THE first privately constructed submarine cable transmission link between Nigeria and the rest of the global community arrived in Lagos at the weekend.
Known and styled as Glo 1 undersea cable, the project owned by Globacom Limited was constructed at a cost of $800 million.
It links telecommunications services, including voice, data, broadband Internet between Nigeria and the rest part of the world.
It covers 9,800 kilometres sea route between Nigeria and other parts of the global community.
It was constructed by Alcatel-Lucent Technologies of France and it is believed to be first of its kind in terms of size and funding by any private company in the world.
Glo 1 submarine cable is the second to debut in Nigeria after the South Atlantic (SAT-3) submarine cable owned by Nigerian Telecommunications Limited (NITEL) and 33 other national carriers and multilateral organisations in Africa and elsewhere.
The cable, with a current capacity of 640 gigabytes per second and final capacity of 2.5 terabits per second, has landing points in UK, Portugal, Ghana and C™te d’Ivoire.
The contract was awarded two years ago to Alcatel Lucent to bridge the much-talked about digital divide and enhance connectivity and bandwidth capacity needs of Nigerians, Executive Director of Globacom, Mr.

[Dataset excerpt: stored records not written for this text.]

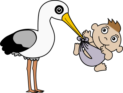 a colour version of this baby delivery stork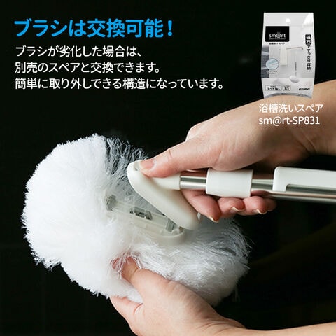 ブラシは交換可能ブラシが劣化した場合は、別売のスペア「浴槽洗いスペア(sm@rt-SP831)」と交換できます。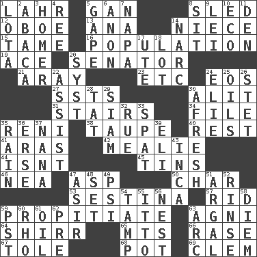 ACROSS 1. Cowardly lion portrayer 5. Separate the seeds from cotton 8. Downhill vehicle 12. Mitch Miller's instrument 13. Santa ___, CA 14. Sibling's daughter 15. Docile 16. Census information 19. Adept person 20. Elected representative 21. Like ___ of sunshine 23. And so on (abbr.) 24. Greek goddess of the dawn 27. Fast planes 30. Set down 31. Flight of steps 34. Do some clerical work 35. Painter Guido (1575-1642) 38. Grayish beige 40. Remainder 41. Caspian sea tributary 42. Ear of corn 44. Is not 45. Airtight sealed metal containers 46. Teachers' org. 47. Viper 50. Burn to charcoal 53. French poetic form 57. To free from 59. Conciliate 63. Hindu god of fire 64. Bake eggs in their shells 65. Mountains (abbr.) 66. Raze (variant) 67. Lacquered or enameled metalware 68. Plant holder 69. To starve (Brit.) DOWN 1. Globular water bottle used in Asia 2. Phillipine bananalike plant 3. Homing pigeon 4. To sift 5. Yawn 6. At once, immediately (arch.) 7. California wine valley 8. Be seated 9. Flowery wreath 10. Environmental prefix 11. Lair 14. Drug cop 17. Shoshoni 18. Car dealer's back yard 20. System (abbr.) 22. Help 24. Writer Wiesel 25. Lubricates 26. Proofreading order 28. Make lace 29. Thailand, formerly 30. Anew 32. Sorrow 33. Petty quarrel 35. Precipitation 36. Celtic language 37. Grandmother 39. Connecticut Ivy Leaguer 43. South American Indian 47. SW Saudi Arabia district 48. Arrange properly for use 49. Air pressure measure (abbr.) 51. Therefore, facetiously 52. Wash lightly 54. Pack (down) 55. "Tell ____ the Marines!" 56. A home for chicks 58. South Vietnam president (1954) 59. Pacific Standard Time (abbr.) 60. 17th letter of the Greek alphabet 61. Lubricate 62. Before (prefix) 63. Curve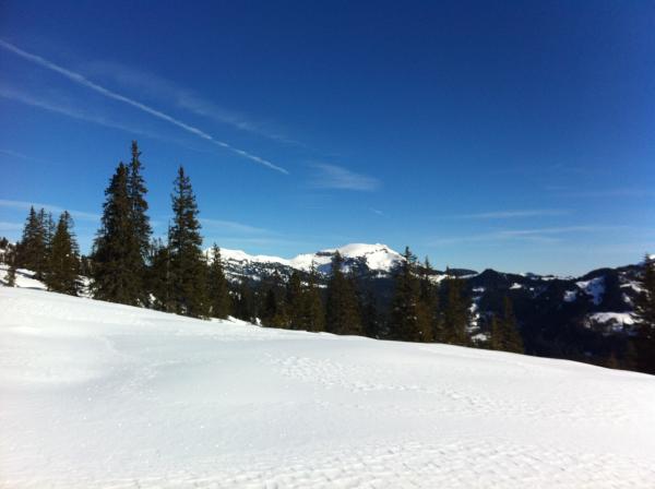 Pulverschnee an schattigen Hängen - oben aus eher verfahren und holprig.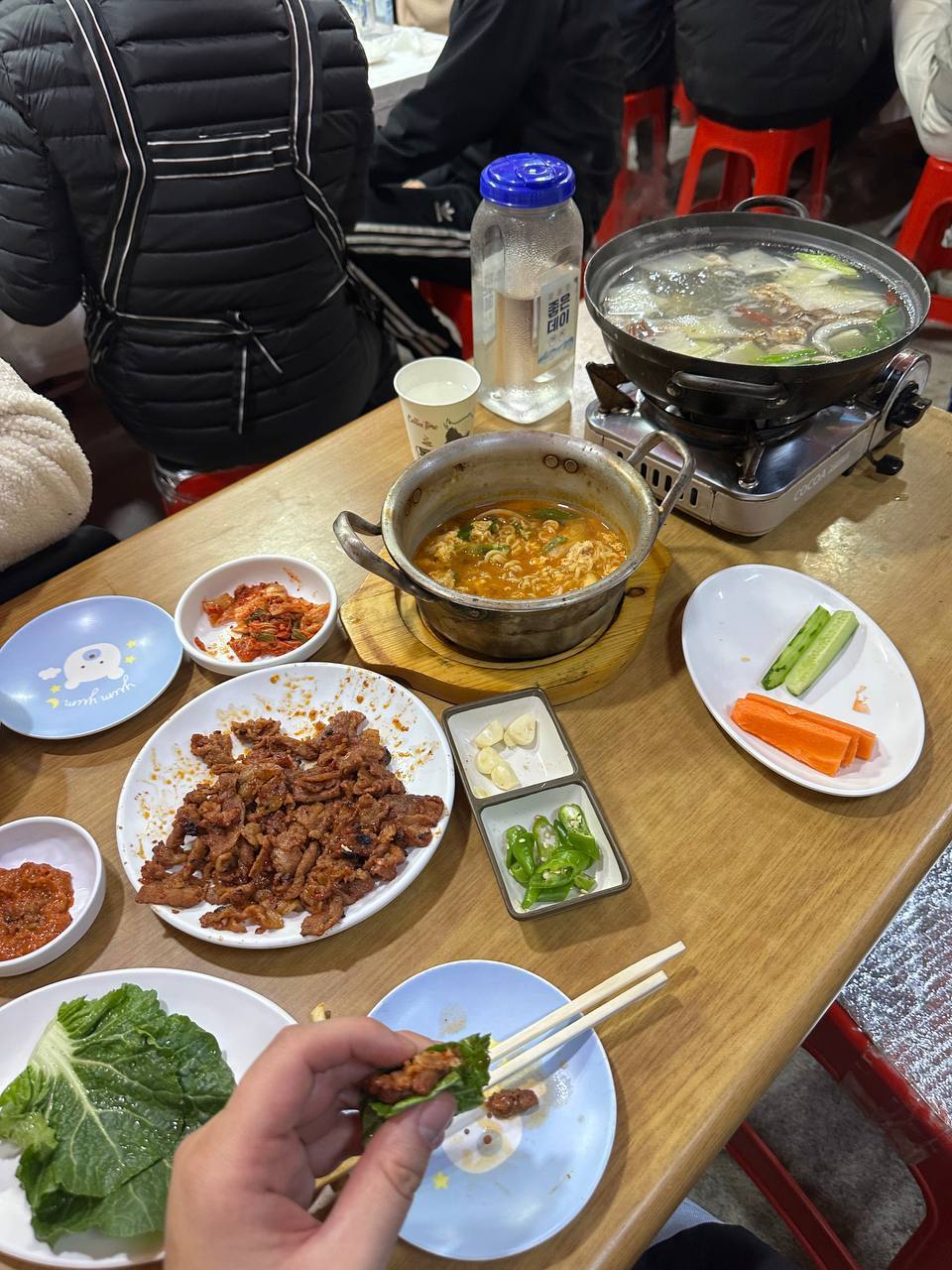 *Кимчи конечно же + чеснок, перец, огурец и морковь, все овощи свежие. Мы только перец не ели.

Adewale Sangowawa, said at the commissioning at the weekend.
“This is the first individually owned submarine cable network in the world and Globacom is re-writing history,” Sangowawa explained at the seaside ceremony at the weekend.
Glo 1 submarine cable connects West Africa to the world via a United Kingdom (UK) port, and has landing points in Lagos and Bonny in Nigeria, Bude, in London and Lisbon in Portugal.
Besides these, it also deploys 16 branching units to connect the West Africa sub-region particularly in Cotonou, (Benin Republic), Accra, (Ghana) and other nations within the region where Glo Mobile operates.
Sangowawa explained that Glo 1 will complement SAT-3 optic fibre cable and fulfil the present and rapidly increasing high data requirement in the West African sub-region.
Alcatel Lucent will provide one optical SubMarine Cable Systems (STM-64) network capacity from the U.K. to New York to link Nigeria to the United States (USA) for crystal clear voice calls and high speed data/Internet transmission services.
Glo 1 is the first such project embarked upon by any single organisation in the world. The practice all over the world is for organisations or countries to team up and build such a facility.
The cable, which is of the 32 STM 64 type, has virtual infinite capacity and therefore offers sufficient capacity for traffic for the Globacom’s mobile, fixed and Internet telecommunication services.
It offers 99.9 per cent up time reliability, world-class long distance voice, video and high-speed data communication services to the African customer.
Glo 1 caters for long-term bandwidth requirements for voice and data transmission in the West Africa sub-region. Currently, West African countries have a high dependability on satellite-based operators for fulfilling their bandwidth requirements. At present, bandwidth providers are retailing bandwidth they procure in bulk, which invariably is very expensive. Glo 1 fills this vacuum and will narrow the digital divide between Nigeria/Africa and the rest of the world.
It provides a cost-effective voice, data, video and e-commerce services across Africa, Europe and rest of the world. It will also carry traffic for other operators that would lease the service.
The Glo 1 project would reshape the face of telecommunications in Nigeria by offering unparalleled services to Nigerians, Sangowawa said.
It further enhances Nigeria’s capacity to provide telephone hubbing services for the rest of the world.
Glo 1 enables Globacom to have a clear distinction in providing quality services through multiple and high quality direct links to various countries across the globe and allows it to interconnect with several international and local networks and leading traffic carriers in the world.
Landing points will also be extended to other West Africa countries soon. There will be a total of 18 branching units along the route upon completion of the project, Sangowawa added.